Tinned Moose and dried chanterelle tart


One of this week's cupboard clearing meals was a tinned moose and dried chanterelle tart. This tinned moose is kind of like Spam I suppose. But maybe a bit nicer. I don't want to knock the war time hero by any means. I've never tried it, so I don't know how fantastic it is.

But this moose thing is 100% moose meat and made a bit juicier with the addition of wild boar fat! How bad can that be? (Asks Ina after a cup of sugar, a cup or butter and a cup or chocolate.) Not very! It's moosey and delish!

At its best it's cold on a butter smeared piece of sourdough rye bread or on a crisp bread. Or just spooned straight to gob from the tin. Holy cardiac arrest!

Tinned moose 100% game

Open can of Finnish moose meat
An observant viewer may detect a spoon mark in the meat.
I remember the cheaper version made of beef and pork, deliciously called "pig-cow", from my childhood. We kids loved it, but usually we only had it during the summer holidays at our little island cabin. It was one of those great reserve foods that would keep in the cupboard for however long. But other than that our parents probably didn't think it particularly healthy. It's kind of seriously processed, salty and fatty. We used to have it on top of crispbreads when we ran out of fresh bread and meat.

That time we didn't have a fridge there as there is no electricity on the island. Nowadays there's a gas fridge, but then the only place to keep stuff cold was a "cellar" under the kitchen floor. There was a hatch on the floor with a large space underneath. A bit like that crazy dude had in the Silence of the Lambs where he kept that chubby girl. But smaller and with shelves on the walls and no kidnapped people inside.

Mum would lie on her stomach on the kitchen floor to reach the stuff on the shelves. She was much more nimble then. If she had to do it now she might never get up again. Like recently when on holiday to Crete the restaurant entertainment crew made her and dad dance Kalamatianos and they were both left traumatised as the dance includes a lot of squatting, which is fine. It's just the getting back up that's a bit tricky when you're pushing 80.

Every once in a while mum forgot to close the kitchen floor hatch and one of us would accidentally fall into the hole while running through the kitchen. So that was exciting. And painful.

Tinned moose and dried chanterelle tart

Like I said this meat is best cold, but there are a couple of recipes I like to make with it. One is a tart or quiche with mushroom and onion and whatever other veg I'm in the mood of chucking in. The rest of the can originally was supposed to go to my Finnish Pea Soup, but I didn't do that this week, so rest of the meat went to freezer and there may be a Finnish Pea Soup with Moose post appearing at some point.

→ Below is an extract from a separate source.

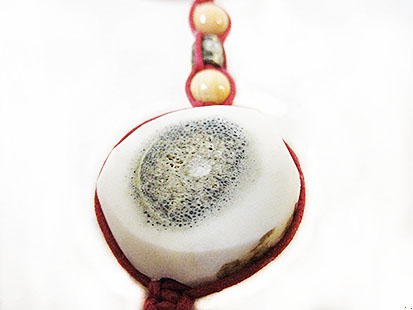 出る端材もような輪切り部分を丸形パーツとして装飾品として取り付

This tart would be great with rye pastry, but this time as it was cupboard clearing week I used some filo that has been in the freezer for a while. My dried chanterelles had been in the cupboard for some time as well and took some time to rehydrate, I think the taste also wasn't all there anymore, but after a little fry with a knob of butter and some mouth to mouth with my Scandinavian spice mix they were feeling a lot better.The filo was crispy the filling tasty and the tart lasted us for two nights.

Bag of Finnish dried chanterelles

Moose and chanterelle tart recipe

4 or 5 sheets of filo pastry
1 red onion
200 g of tinned meat (moose or otherwise)
1/2 bell pepper
30g of dried chanterelles
(or a large handful of any fresh mushroom)
Fresh or dried parsley and/or oregano
2 dl milk
2 heaped tbsp of sour cream
2 eggs
50g grated pecorino (or another cheese, goat cheese or Gruyere would do well I imagine)

Moose and girolle tart with salad on a plate

Chop the onion, mushroom, herbs and pepper. Heat a tbsp of oil in a frying pan. Fry onions and peppers until they are slightly softened. Add the soaked dried mushroom and herbs and fry for another couple of minutes. The veg should be still a bit underdone at the end of this.

Break the meat into bite size chunks with a fork.

Mix the milk, eggs, sour cream and grated pecorino. Season with salt and pepper.

Cover the bottom and sides of a round tart dish (appr. 25cm) with the filo pastry. If you feel up to it you can brush each sheet with butter and sprinkle with breadcrumbs.

Spread the meat and the vegetable mix on the filo base. pour over the milk, egg and cheese mix.

Bake for about 30 min or until the filling is firm and it's nicely browned on top. Serve with a salad and a nice red wine.